Incident report for Visma eAccounting, major outage Saturday 7th July 2018
We now have more insights into the root cause of the incident and want to share details about how we handled it and what actions have been taken to prevent and mitigate similar problems in the future.
- We identified and verified the incident as a major outage in Visma eAccounting at around 09:00 a.m.
- The first information was published on our service health status page, status.visma.com, at 09:22 a.m.
- Developers and infrastructure personnel from the Visma eAccounting team and our Operations team started working on the incident at around 09:45 a.m.
- At 10:30 a.m we identified that the problem was related to an infrastructure issue. Visma eAccounting had reached the storage limit, and therefore the databases could not reclaim space and were impossible to reach. For users of Visma eAccounting, the problem occurred when logging into the service. Instead, users were automatically logged out and could not access the service.
- The first action when experiencing problems with storage limits is to scale up the production environment, and this is an operation that we often carry out. We started this procedure at 10:45 a.m. Unfortunately, we were unable to perform this operation, due to receiving error messages in the Microsoft Azure portal.
- We contacted our infrastructure provider Microsoft Azure for assistance at 11:30 a.m.
- In parallel with troubleshooting together with the Microsoft Azure teams, we initiated the process to move to our secondary data centre. This operation started at 12:00 a.m. Our secondary data centre is an identical copy of the first data centre to ensure that no customers would lose any data.
- At 1:30 p.m. Microsoft confirmed that the failover to our secondary data centre was in progress but that it was taking longer than expected.They also confirmed that they experienced problems with scaling up one group of databases, which in turn was blocking the progress to complete a full failover. We were in need of assistance from engineers at Microsoft to finalise the failover.
- At 3:30 p.m. we could see that certain groups of databases were available again and that some customers were able to access and use Visma eAccounting.
- At 4:30 p.m. Visma eAccounting was up and running again and available for all customers.
- An incident report was created and an incident review meeting was held with key personnel and management at 10:30 a.m. on the 8th of July.
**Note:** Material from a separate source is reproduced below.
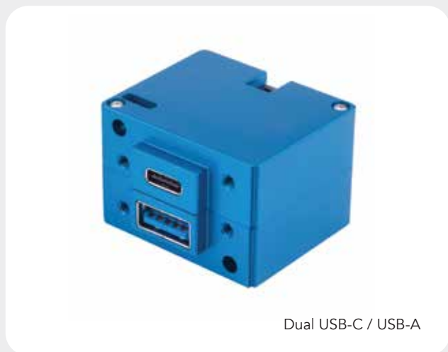
Dual USB-C / USB-A

High power TA202 Series Chargers simultaneously provides 15 watts / 3 amps of power per charging port to electronic devices.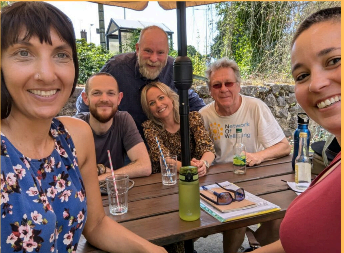
Network of Wellbeing's staff - June.2024

During the review meeting, a plan was outlined with both short-term and long-term follow-up tasks.
Root cause:
The Visma eAccounting incident on the 7th of July was related to an infrastructure issue and capacity issues in Microsoft Azure. Visma eAccounting had reached the storage limit. The root cause is related to nightly backup routines that failed to clean up temporary databases, which in turn used up necessary storage space.
We immediately tried to scale up the max data size for this group of databases. Due to capacity issues in Microsoft Azure, the operation failed. At this point we tried to failover to another data centre. It was successful for all databases except four. These four databases blocked and thus prevented the failover from completing. Engineers from Microsoft were already working on this issue when we contacted them. When Microsoft managed to unblock the databases, we successfully failed over to the secondary data centre.
Summary:
- Visma have held incident review meetings where a plan was created with both short-term and long-term follow-up tasks. We have for example made improvements in monitoring, created new alerts and several other actions with follow-up tasks to mitigate similar incidents in the future.
- Microsoft have shared their root cause analysis with Visma as well as made recommendations and suggestions on improvements to mitigate similar incidents in the future.
- No data was lost and we did not experience any hacker attacks.
- We had not made any changes to our infrastructure or code close to the time this problem started to occur.
- Visma is now running Visma eAccounting in our primary production environment, which we changed back to on the 23rd of July.
We apologise to all customers who were affected by this incident. This was an unfortunate set of circumstances for customers, partners and the development team behind Visma eAccounting.